§ **Task description**: Print the whole listing again exactly as it stands, leaving out any images.

§ **Source data**:
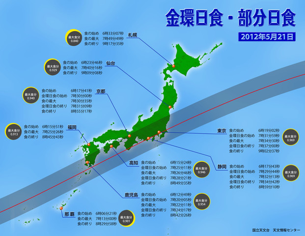 一方で、本日5月11日は、何かと話題の「金環日食」のちょうど10日前です。もう、目前まで迫ってきました。今回の「金環日食」は、まさに日本のための天体ショーと言ってもよいほど、九州南部・四国の大部分・紀伊半島から南関東までの太平洋を中心とした広い範囲で観測ができます。
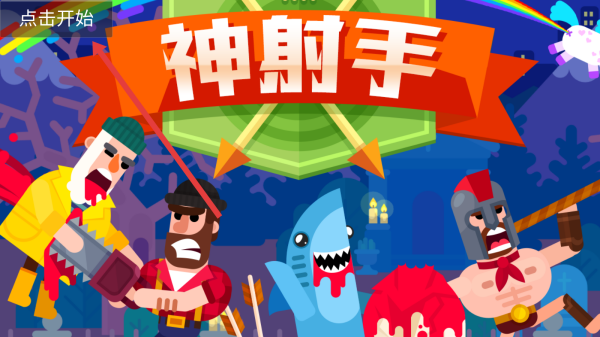 1、觸碰游戲啟動界面左上角的點擊開始按鈕,隨即進(jìn)入神射手世界,準(zhǔn)備開啟射箭對戰(zhàn)之旅。
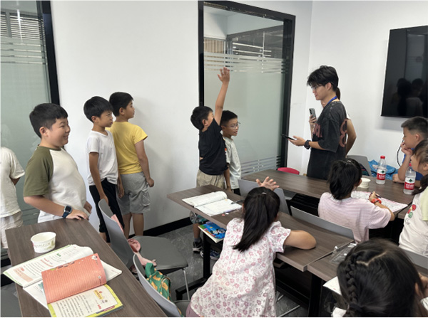 卢老师的文化课则带领孩子们领略了中华文化的博大精深。在课堂上,卢老师与孩子们积极互动,提问、讨论,气氛热烈。当讲到古诗词时,老师邀请孩子们上台朗诵,孩子们踊跃举手,纷纷展示自己的朗诵才华。老师还分享了一些有趣的文化故事,孩子们听得津津有味,不时提出自己的想法和疑问,老师都会一一给予解答。

§ **Task result**:
 一方で、本日5月11日は、何かと話題の「金環日食」のちょうど10日前です。もう、目前まで迫ってきました。今回の「金環日食」は、まさに日本のための天体ショーと言ってもよいほど、九州南部・四国の大部分・紀伊半島から南関東までの太平洋を中心とした広い範囲で観測ができます。
 1、觸碰游戲啟動界面左上角的點擊開始按鈕,隨即進(jìn)入神射手世界,準(zhǔn)備開啟射箭對戰(zhàn)之旅。
 卢老师的文化课则带领孩子们领略了中华文化的博大精深。在课堂上,卢老师与孩子们积极互动,提问、讨论,气氛热烈。当讲到古诗词时,老师邀请孩子们上台朗诵,孩子们踊跃举手,纷纷展示自己的朗诵才华。老师还分享了一些有趣的文化故事,孩子们听得津津有味,不时提出自己的想法和疑问,老师都会一一给予解答。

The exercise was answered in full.